Pero… mi interés despertó cuando te conocí.

—Aún así nunca me pediste salir —se quejó ella, haciendo un mohín.

—Tenías solo 18 años.

Pensé que rechazarías de inmediato —admitió—.

Pero hice todo lo posible por ser notado.

Además —añadió con una sonrisa pícara—, soy un tipo tímido, Layla.

Ella soltó una carcajada—.

No bromees.

Eres un hombre descarado.

—Tal vez ahora —él bromeó—.

Pero en aquel entonces…

Me estaba enamorando de ti desde el momento en que nos conocimos y me tomó por sorpresa.

Sin ti, apenas dormía.

Dondequiera que ibas, yo también estaba allí.

Layla soltó su brazo y caminó unos pasos por delante, fingiendo estar perdida en sus pensamientos—.

Si tan solo me hubieras invitado a salir en aquel entonces —reflexionó—.

Imagina—caminar por la universidad con todos celosos de mi asombroso novio.

Lucio la observó, con una mirada cariñosa en sus ojos—.

Solo estaba esperando el momento adecuado…

el momento en que pudiera hacerte mía.

Bueno, incluso ahora puedes hacer que todos estén celosos.

—Envolvió su brazo alrededor de ella y apoyó su barbilla sobre su hombro.

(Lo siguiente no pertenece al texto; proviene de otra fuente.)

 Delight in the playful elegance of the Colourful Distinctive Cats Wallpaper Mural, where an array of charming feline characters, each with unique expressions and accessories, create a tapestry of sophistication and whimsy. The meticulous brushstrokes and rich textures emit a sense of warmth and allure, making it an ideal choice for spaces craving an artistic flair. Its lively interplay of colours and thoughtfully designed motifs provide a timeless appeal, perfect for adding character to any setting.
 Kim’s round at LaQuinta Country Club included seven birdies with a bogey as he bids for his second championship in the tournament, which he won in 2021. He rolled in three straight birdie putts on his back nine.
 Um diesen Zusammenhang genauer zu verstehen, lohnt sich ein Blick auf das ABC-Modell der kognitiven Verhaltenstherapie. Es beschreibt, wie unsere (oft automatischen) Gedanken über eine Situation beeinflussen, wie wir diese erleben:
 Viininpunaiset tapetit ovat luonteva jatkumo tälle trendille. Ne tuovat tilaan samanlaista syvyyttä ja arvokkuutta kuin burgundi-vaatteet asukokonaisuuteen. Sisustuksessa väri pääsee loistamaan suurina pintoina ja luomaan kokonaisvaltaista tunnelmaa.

—Creo que muchos están celosos de que seas mi esposo.

He oído los chismes en la oficina, en las redes sociales también —afirmó Layla.

—¿Estás orgullosa de tenerme como tu esposo?

—preguntó él.

—Sí.

Y estoy feliz de que me esperaras y enviaras una propuesta de matrimonio por mí —dijo Layla con una sonisidad y halo de felicidad que invadía su semblante, sintiendo los lentos aleteos de su corazón.